Not sure if its a bug or a feature, high FOG server CPU on dashboard
-
@Tom-Elliott The results were initially seen by ESXi reporting high CPU usage on the VM. I connected to the vm and ran top and sorted by CPU usage. There was the number of running httpd processes. I noticed that I had 3 different browser windows sitting on the dashboard (shame on me). I closed all of the browser windows except one. All but 4 of the http processes went away. Changing the remaining browser to any other page the http processes disappeared from the top list. Going back to the dashboard and they returned to the top processes. Closing the browser caused the top processes to go away, relaunching the browser and logging into the dashboard they came back. Adding additional browsers sitting on the dashboard brought back the overall CPU consumption.
This specific fog server is in the dev environment so there are no fog clients hitting the server. This fog server is a master replicator server with 2 storage nodes attached. This issue is not related to the replicator since all of the servers are currently in sync.
-
When I have a browser sitting on the dashboard page the following URL is called every second.
192.168.1.43 - - [02/Dec/2015:21:17:41 -0500] "POST /fog/management/index.php?node=home HTTP/1.1" 200 56 "http://192.168.1.88/fog/management/index.php" "Mozilla/5.0 (Windows NT 5.2; rv:42.0) Gecko/20100101 Firefox/42.0"
Based on Wayne’s information I hacked a bit on fog.dashboard.js
Through some trial and error and careful placement of some returns I found that if I comment out these calls cpu usage is normal (I understand by doing this I’m disabling major parts of the dashboard). I can either comment them out individually or together. If I enable either one there are 3 httpd processes launched with about 9% CPU consumed by each process, as reported by top.
UpdateClientCount();
UpdateBandwidth();
Again I’m not saying this IS an issue, its just could be an issue if you have several techs sitting on the dashboard page. This can be managed by workflow.
-
Hopefully I have made strides to limit the load/cpu usage.
It’s relatively simple and probably not perfect but should be better than before.
It simply takes a timeout of 700 milliseconds.
-
There is no real difference. There are 3 threads running 8% cpu ea. But now I see one thread spike to 11% ever few seconds. Strange indeed.
-
So I’d ask if there is any way possible to send the bandwidth info to the client and then let the client draw/render the graph instead of the server. Or is my understanding not accurate with how it works presently?
-
@Wayne-Workman I don’t understand what you mean?

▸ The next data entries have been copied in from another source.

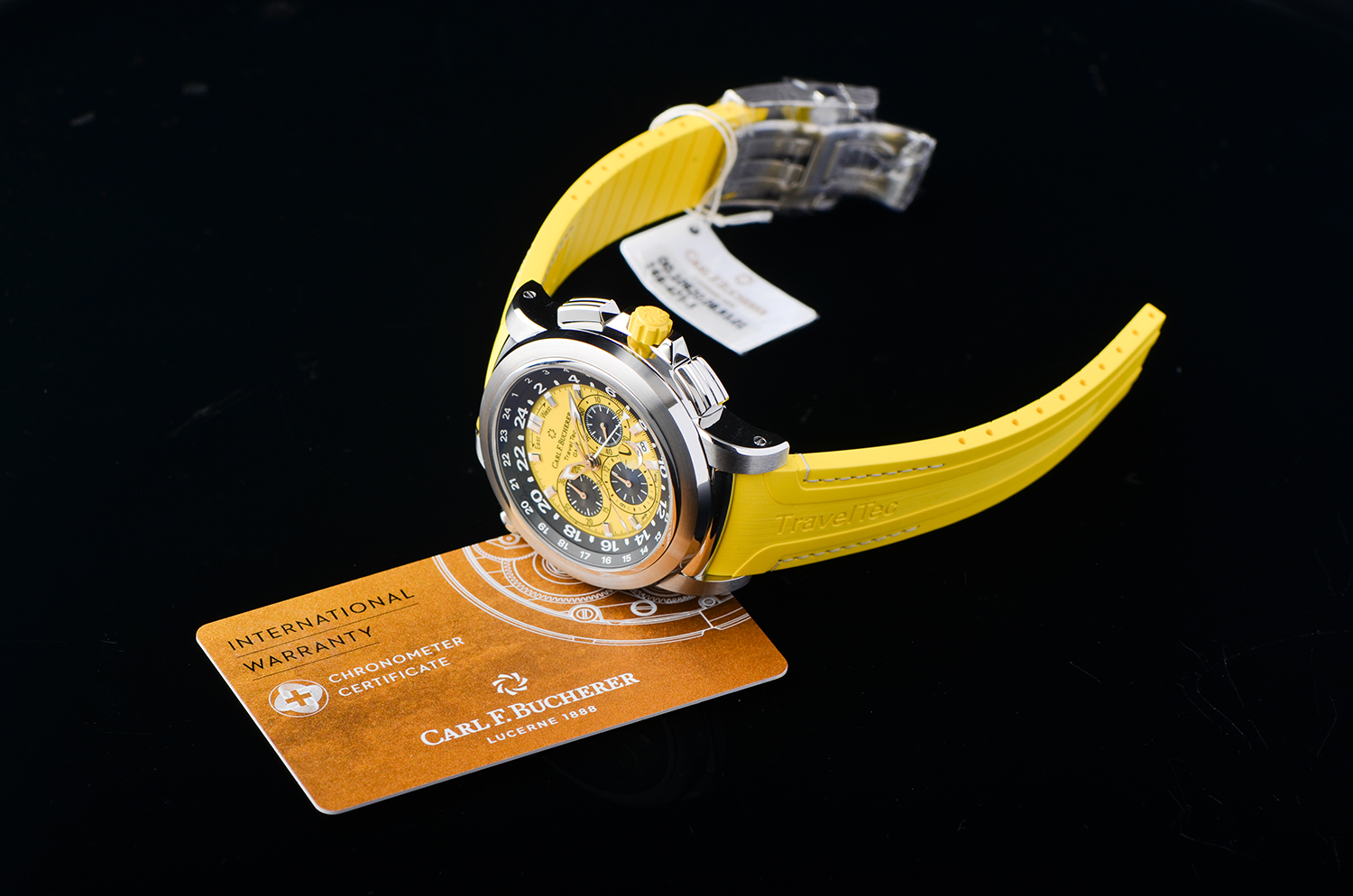 这枚腕表以坚固的不锈钢表壳(46.6 mm) 搭配醒目的黄色表盘与橡胶表带,视觉冲击力十足。内部搭载宝齐莱自制 CFB 1901.1 自动计时机芯,通过 COSC 瑞士官方天文台认证,精准可靠,动力储备约 42 小时。
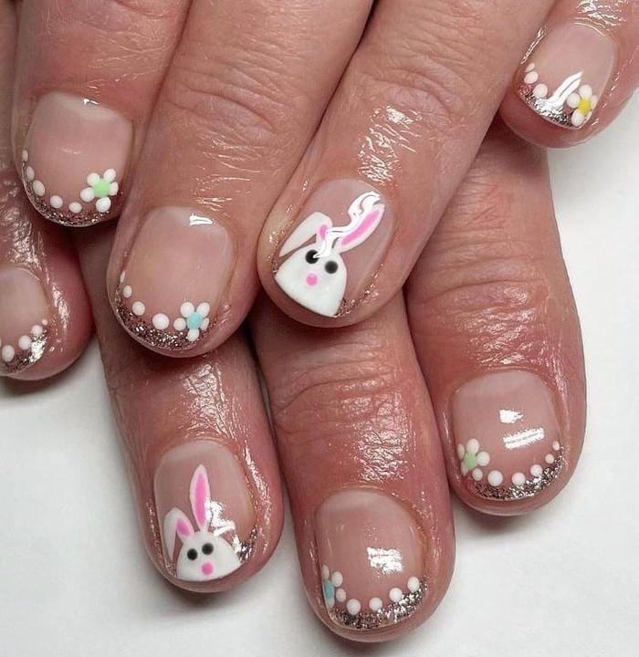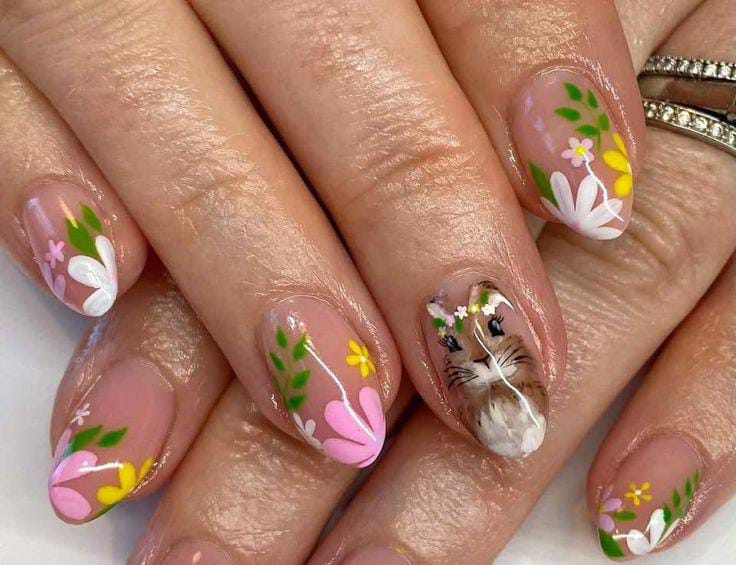 Light nude and white nails feature delicate floral patterns with a minimal bunny face accent. The look is gentle, elegant, and subtly festive Easter and for spring.
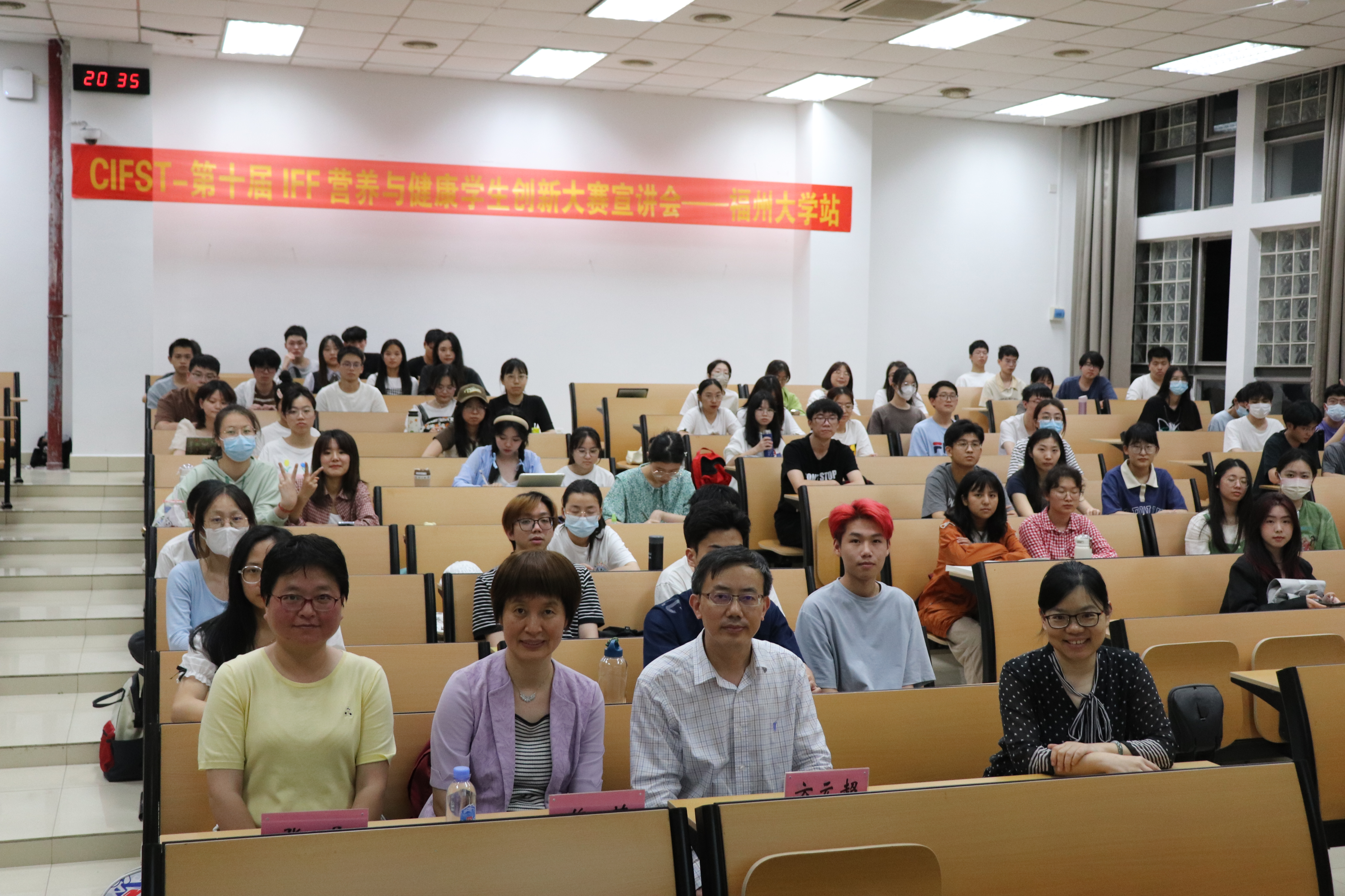 在IFF营养与健康学生创新大赛宣讲会上,学院食品创新比赛负责人张雯老师作为主持人对大赛主办方的到来表示热烈欢迎;院团委书记张晶老师上台发言以鼓励大家积极参加本次比赛,希望大家可以把平常所学的知识灵活运用到比赛中,收获难得的宝贵经验。

If you make the client do the rendering as you describe, you’re not testing the server, you’re testing the client’s bandwidth.

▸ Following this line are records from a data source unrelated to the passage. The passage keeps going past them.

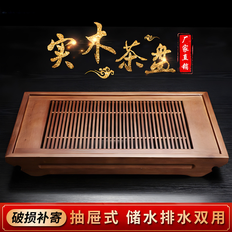 원목 티 트레이, 가정용 저장 및 배수 겸용 물 트레이, 찻잔 트레이, 쿵푸 티 세트, 찻잔 트레이, 서랍형 목재 티 테이블
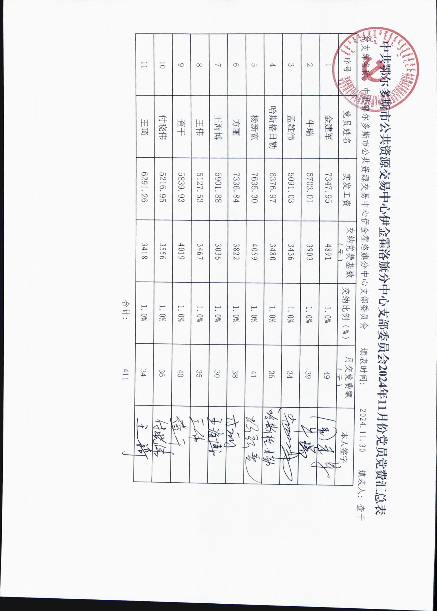 中共鄂尔多斯市公共资源交易中心伊金霍洛旗分中心支部委员会2024年11月党员费用收缴
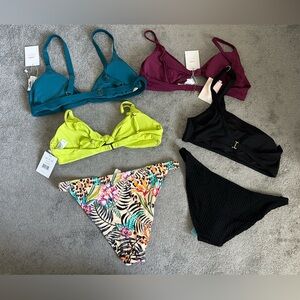 All NWT. Andie swim bundle of 4 tops and 2 bottoms. Tropez bottoms have crocheted design and the Wyndwood one-shoulder top is ribbed. All tops are padded. Both bottoms have sanitary liner. Size XL.
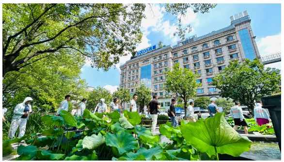 夏天的傍晚,員工們?nèi)齼沙扇郝綐蚺?,沉醉荷池美景。聽瀑布潺潺,看斜陽映水,魚兒游弋,簡直美得像一幅畫~
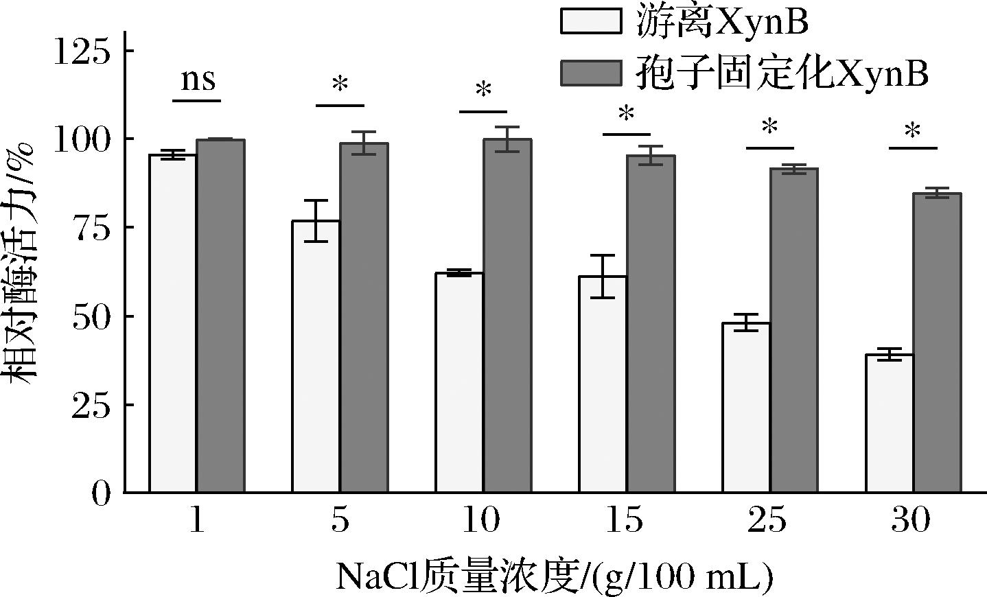 NaCl作为食品体系中的关键渗透调节物质,广泛存在于面制品、海产品、传统发酵制品等高盐基质中,此类环境对游离酶制剂的催化性能构成严峻挑战[29]。如图7所示,当NaCl质量浓度达到30 g/100 mL时,游离XynB的相对酶活力下降至(39.12±1.6)%,这可能是因为高盐缓冲体系会改变酶蛋白的部分结构,影响其与底物的结合,从而降低酶的催化活力。相比之下,孢子固定化XynB在相同盐胁迫条件下展现出优异的耐盐性能,残余酶活力维持在(84.76±1.42)%左右。该结果证明孢子固定化技术不仅能克服游离酶在高盐食品体系中的失活问题,更为其在海产品深加工、传统酿造等工业场景的应用提供了技术基础,具有广阔的产业化前景。
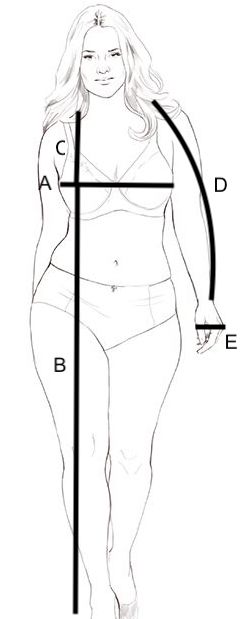 - For longer (slouchy at the wrist) sleeves add a couple inches to measurement D but keep the cuff (E) measurement the same
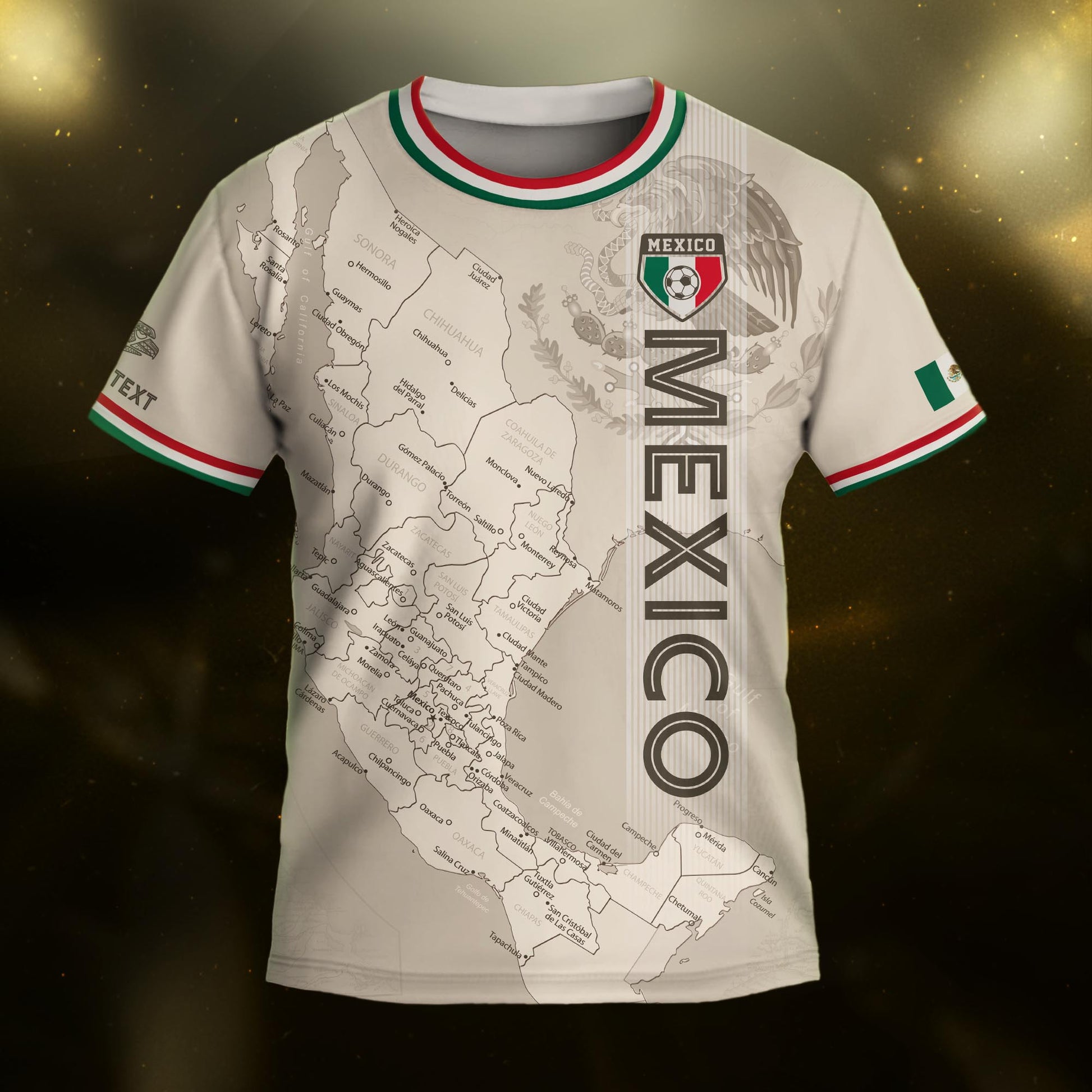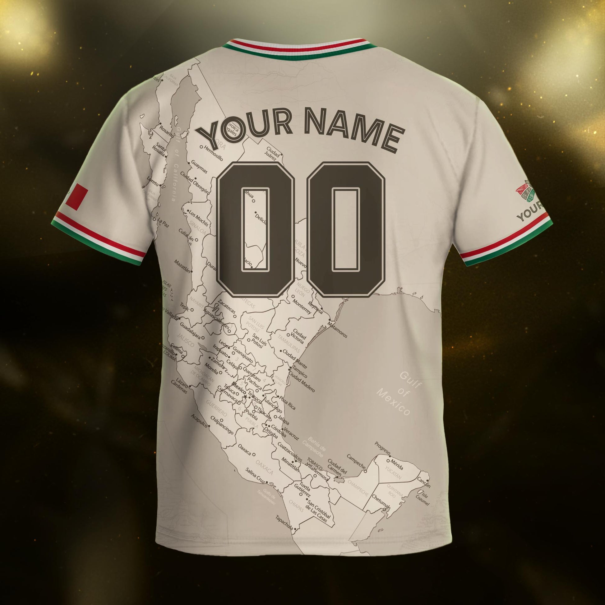 Custom Mexico Kids Soccer Jersey in beige heritage map design. Add kid name and number. Celebrate Mexican roots and national pride in style.

The way it works, the client does do all the rendering already, but it needs to get the data from the server.
So the first request just starts the read, but it knows nothing at that point. The second request (1 second later) is how it determines the bandwidth (and of course all the subsequent stuff).
-
@Tom-Elliott So how does that process you just described use so much CPU ?
-
Ever seconds there’s two polling requests to the server.
With multiple pages (let’s just say 2 tabs for now) you have 2 more polling requests to the server.

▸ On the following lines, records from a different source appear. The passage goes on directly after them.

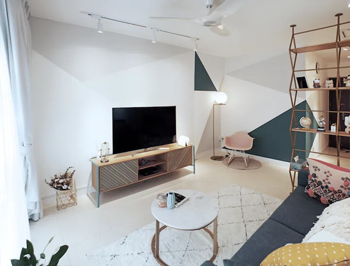 Raymond Seow, the designer at Free Space Intent, gave this home just the right kind of edge using a geometric motif with pastel shades on the walls.
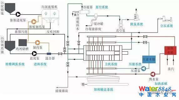 每套低溫真空脫水干化系統(tǒng)主要包括污泥調(diào)質(zhì)系統(tǒng)、主機(jī)系統(tǒng)、進(jìn)料系統(tǒng)、壓濾系統(tǒng)、加熱系統(tǒng)、真空系統(tǒng)、空壓系統(tǒng)、卸料輸送系統(tǒng)、除臭系統(tǒng)等9個子系統(tǒng)。
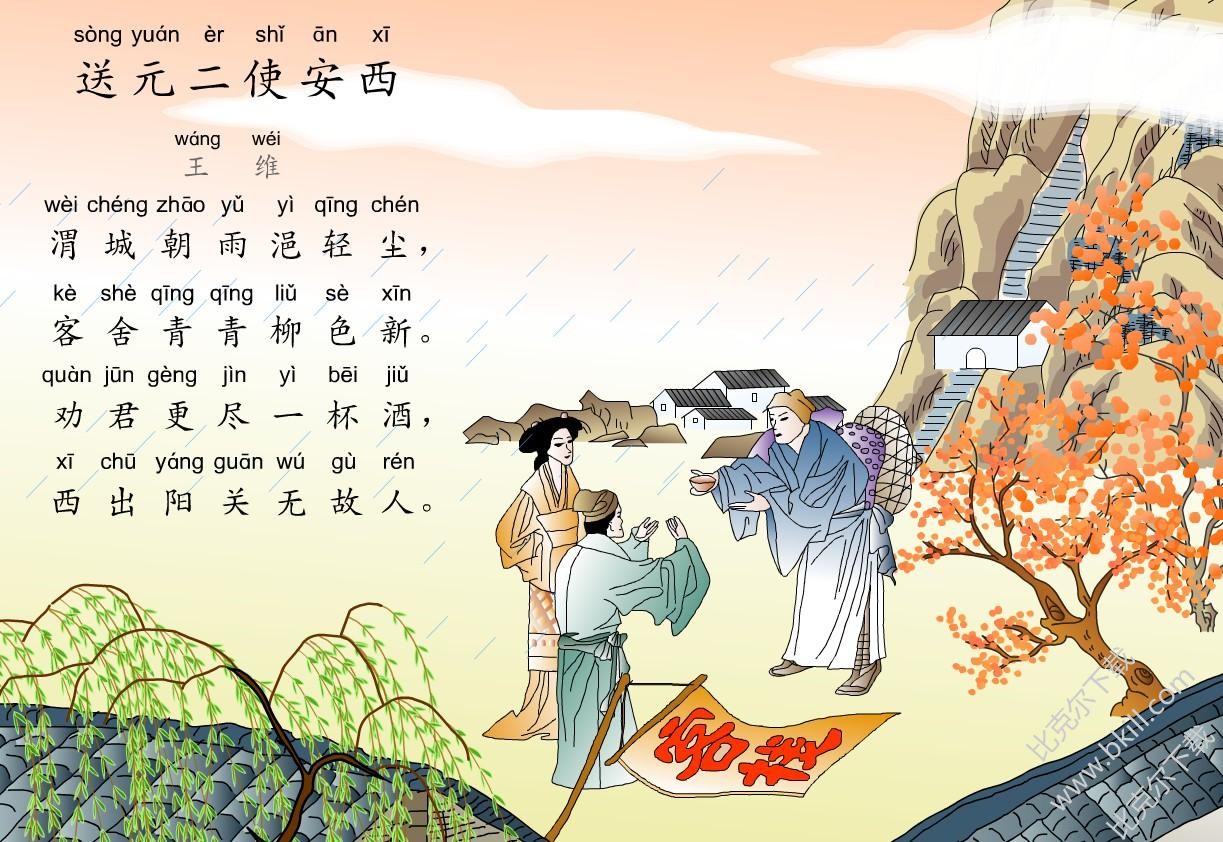 此诗前两句写送别的时间,地点,环境气氛,为送别创造了一个愁郁的氛围:清晨,渭城客舍,驿道,柳树。“朝雨”下得不长,刚刚润湿了尘土就停了。从长安西去的大道上,平日车马交驰,尘土飞扬,而送别的时候,朝雨乍停,天气清朗,道路显得洁净、清爽。“浥轻尘”的“浥”字是湿润的意思,仿佛天从人愿,特意为远行的人安排一条轻尘不扬的道路。客舍,原本是羁旅者的伴侣;“柳”与“留”谐音,是离别的象征。从清朗的天宇,到洁净的道路,从青青的客舍,到翠绿的杨柳,构成了一幅色调清新明朗的图景,为这场送别提供了典型的自然环境。这是一场深情的离别,但却不是黯然销魂的离别。相反地,倒是透露出一种轻快而富于希望的情调。“轻尘”“青青”“新”等词语,声韵轻柔明快。

So add 3 you are up to 6 polling requests, add 3 more, you’re at 12 polling requests.
The requests are processed by the server, and every second there’s the number of tabs open being opened.
It’s just getting DDOS’d at that point. More tabs, equals more polling each time.
There isn’t a simple way to handle it, though I could just make the bandwidth a selectable element.
Now mind you, I also do the same type of checks for the client count. So really it’s being hit with 4 polling requests per second per tab. this is why things can get lost in action.
-
This is only pure speculation here. But looking in the http access log, as I posted below this page is being requested every 1 second.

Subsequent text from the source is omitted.